La réforme d’un mode de scrutin est probablement la promesse moins bien respectée au Québec depuis 50 ans. Déjà en 1970, le PQ de René Lévesque la promettait avant de la renvoyer aux calendes grecques au début des années 80.
Ces temps-ci, c’est au tour de la CAQ de jongler avec cette patate chaude. Essayer de réformer un système qui t’a propulsé au pouvoir, c’est une mission compliquée, voire impossible.
Beaucoup voient la réforme du mode de scrutin comme une occasion de régler tous les problèmes de confiance et de représentativité envers la politique. Un genre de coup de baguette magique.
En théorie, l’idée est bonne : chaque vote aurait un impact similaire sur la représentativité à l’Assemblée nationale. Le vote péquiste dans le comté Westmount-Saint-Louis –– ou le vote libéral dans Matane-Matapédia aurait un effet sur le nombre de sièges distribué à chaque parti. Ça, c’est le bon côté de la réforme.
En pratique, c’est autre chose. La réforme du mode de scrutin comporte son lot d’angles morts desquels il faut aussi débattre.
1. La venue de partis politiques indésirables
Un des principaux arguments pour passer du système uninominal à un tour vers une proportionnelle mixte est d’assurer une représentation plus juste des plus petits partis à l’Assemblée nationale. Que chaque force politique soit représentée à Québec lorsqu’il dépasse un score plancher. Les récentes discussions tournaient aux alentours d’un score 5% pour avoir un siège.
Voilà où se pointe le danger : si un groupe comme La Meute réussissaient à dépasser le plancher, ne seriez-vous pas inquiet de leur entrer dans notre assemblée ? Aux dernières nouvelles, le groupe « La Meute » comptait encore plusieurs dizaines de milliers d’adhérents sur Facebook.
Certes, on a souvent répété que la dernière campagne électorale québécoise n’a pas eu grand-chose à nous faire rêver, mais elle a eu au moins le mérite de ceci : jamais les idées racistes, sexistes et xénophobes n’ont trouvé un réel relai dans les partis politiques.
Ne l'oublions pas : ce sont les systèmes proportionnels ont permis l’entrée des partis d’extrême droite dans les différents parlements européens. C'est une fois installés dans les parlements que ces partis sont devenus des forces crédibles et respectables pour l’électorat. La rentrée au parlement français du Front national s'est justement produit à la suite d’un changement de scrutin à l’élection de 1986. On connaît la suite.

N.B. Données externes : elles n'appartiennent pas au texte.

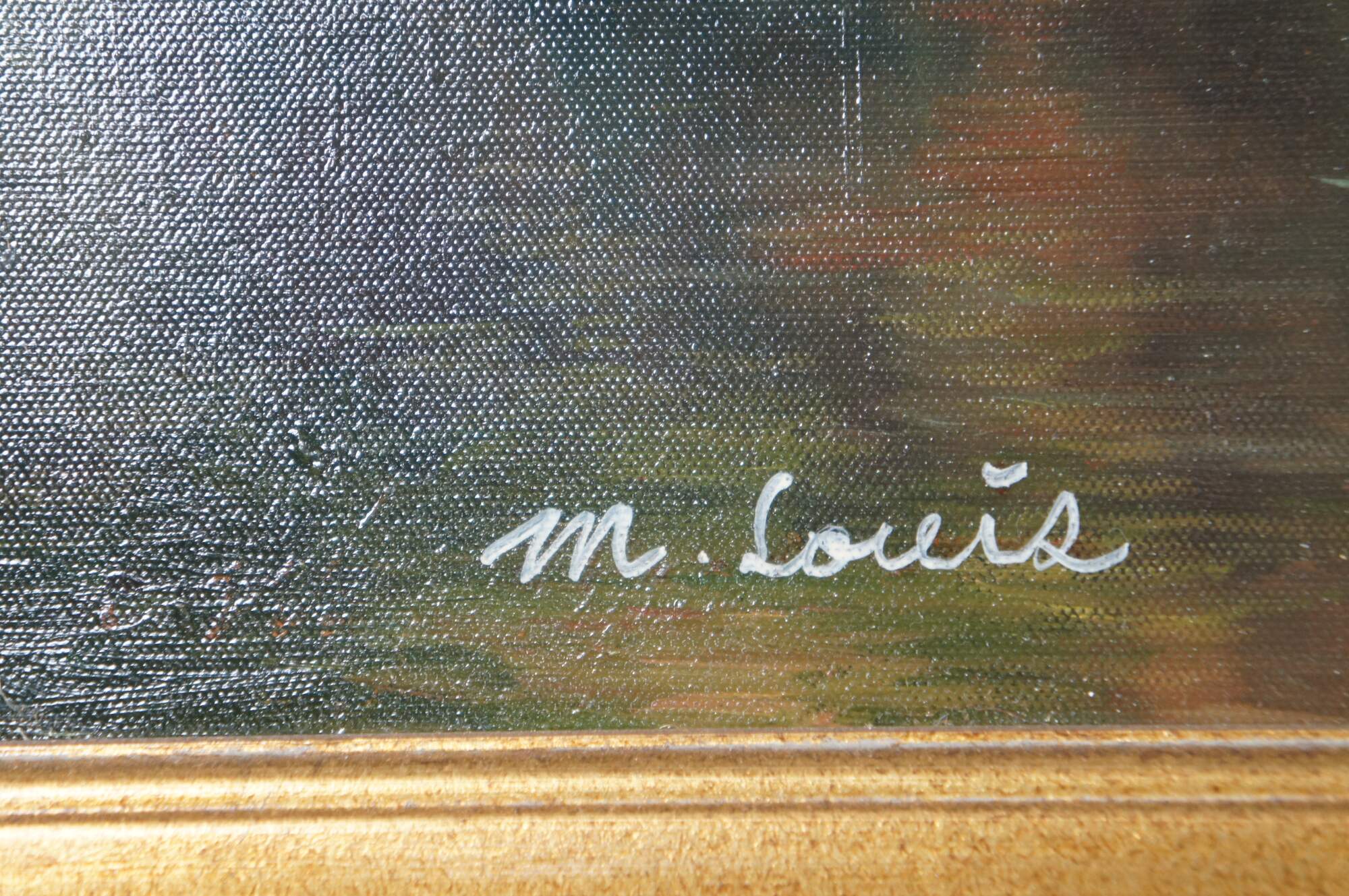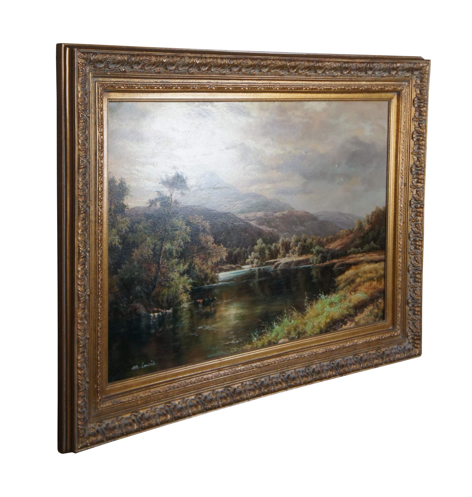 Late 20th Century Pastoral River landscape. Signed lower left. Features a woodland view of the countryside with cattle relaxing in the river infront of a mountainous backdrop. The oil painting is on canvas and signed M. Louis along the lower left. Features a trodational frame finished in gold with acanthus detail.

2. Ce n’est pas vrai que la participation électorale augmente systématiquement
C’est probablement le mythe le plus ancré : la participation électorale augmente lorsque les électeurs sont appelés à un scrutin proportionnel. Ça devrait être la logique même, puisque tous les votes auraient maintenant un sens.

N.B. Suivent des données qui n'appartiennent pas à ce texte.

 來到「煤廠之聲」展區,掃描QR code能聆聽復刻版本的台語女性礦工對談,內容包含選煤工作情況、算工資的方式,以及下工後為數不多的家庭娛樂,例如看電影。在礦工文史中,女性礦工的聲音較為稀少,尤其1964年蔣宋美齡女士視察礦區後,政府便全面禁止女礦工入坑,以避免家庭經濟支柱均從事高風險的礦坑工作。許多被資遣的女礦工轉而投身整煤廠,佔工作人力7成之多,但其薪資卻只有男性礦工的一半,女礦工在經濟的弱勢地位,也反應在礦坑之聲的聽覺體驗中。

Or quand on analyse les publications politiques à ce sujet, le type de scrutin a peu d’incidence sur la participation électorale.

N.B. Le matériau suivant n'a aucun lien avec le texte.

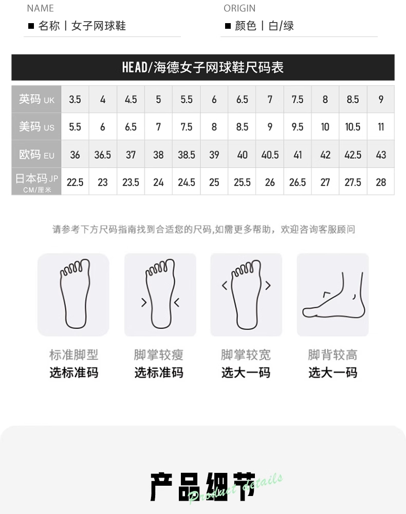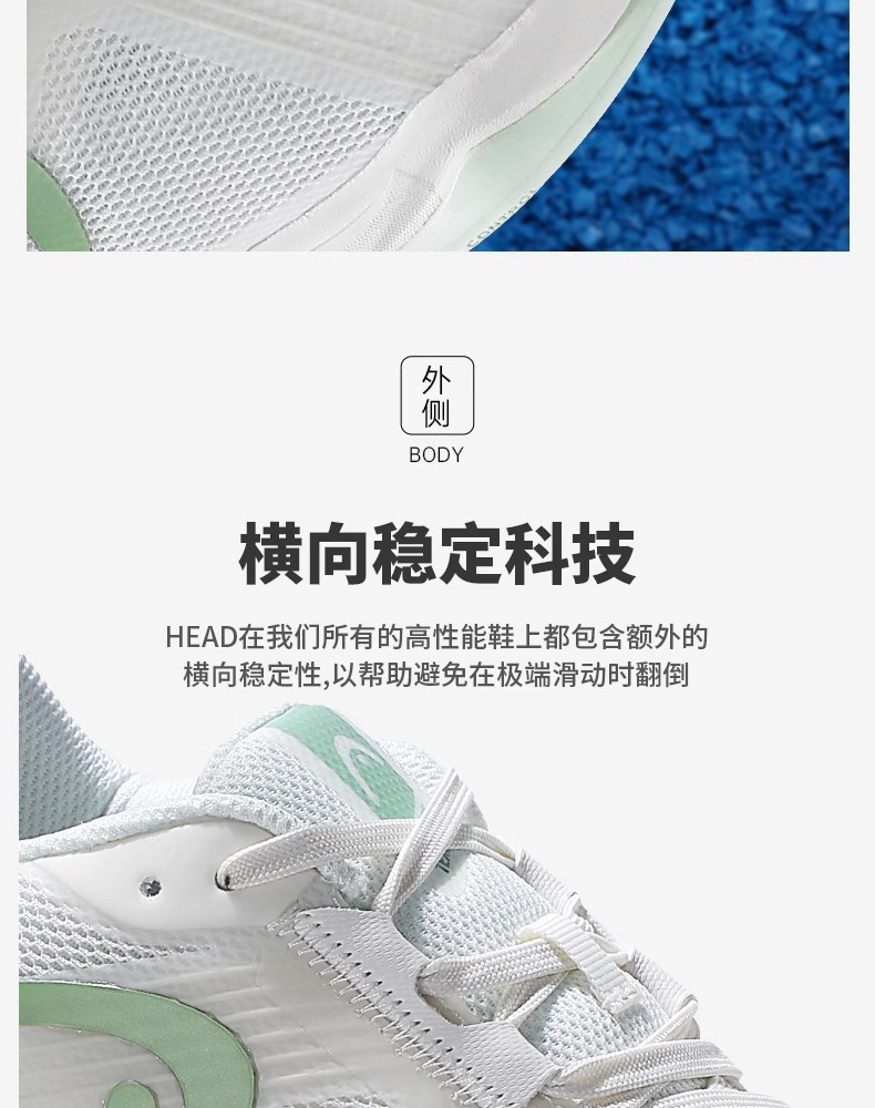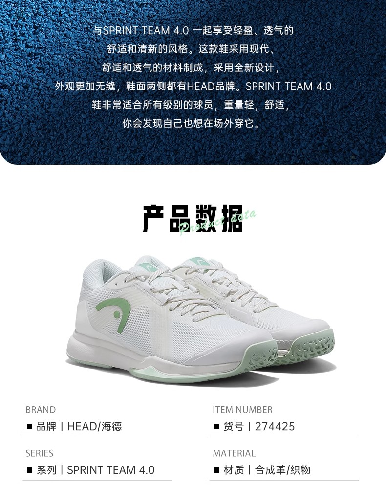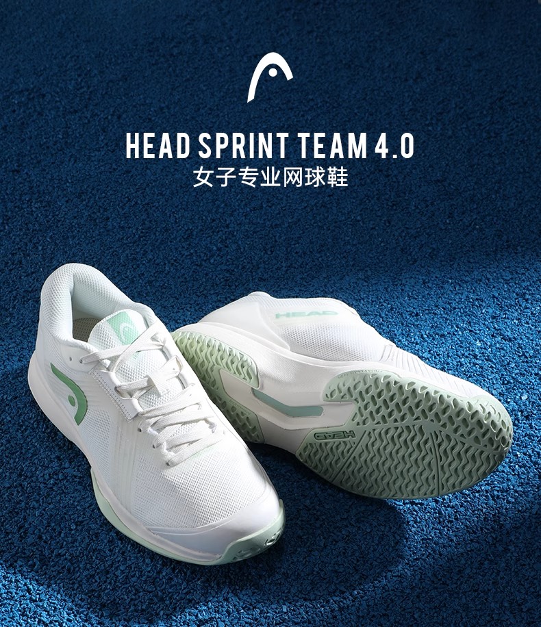 Head海德网球鞋 女子25新款Sprint Team 4.0耐磨透气专业运动鞋 274425 白/水绿

L’Allemagne, l’Israël et le Pays-Bas, des pays avec un scrutin proportionnel, sont tout autant été touchés par la baisse de la participation électorale dans les dernières années. Les seuls pays dont les taux de participation sont demeurés élevés sont ceux où le vote est obligatoire. Voilà là un chantier que nous devrions peut-être explorer. *
3. Les deux classes de députés
Le plus récent scénario proposé par la ministre de la Justice, Sonia Lebel, s’appuierait sur les délimitations des 78 circonscriptions fédérales, en plus d’en ajouter deux pour les Îles-de-la-Madeleine et Ungava. Autrement dit, 80 candidats seraient élus au suffrage universel et 45 autres proviendraient de listes.
Les questions maintenant : qui sera sur cette liste ? Qui décidera de l’ordre de priorité des listes ? Comment seront-ils élus ? Quels électeurs représenteront-ils ?
Les « candidatures de listes » ne deviendraient-elles pas l’apanage des candidats-vedettes, qui ne seraient élues seulement si leur parti faisait un score avantageux ? On privatiserait donc l’élection de certains députés en créant deux classes d’élus, ceux élus par les listes et ceux élus directement par la population.
4. Représentativité des régions
On l’oublie souvent, mais le travail d’un ou d’une députée ne consiste pas seulement à siéger à l’Assemblée nationale et à poser une question de temps en temps au Salon bleu.
Les députés font un travail de terrain pour intervenir sur des enjeux de leur circonscription et par la suite agir comme un relai à Québec. Ça ne fait peut-être pas le clip médiatique, mais le travail de représentation que font les députés pour modifier des projets de loi est nécessaire.
En diminuant le nombre de comtés et donc en les agrandissant, c’est justement ce travail de représentation qui pourrait être affecté.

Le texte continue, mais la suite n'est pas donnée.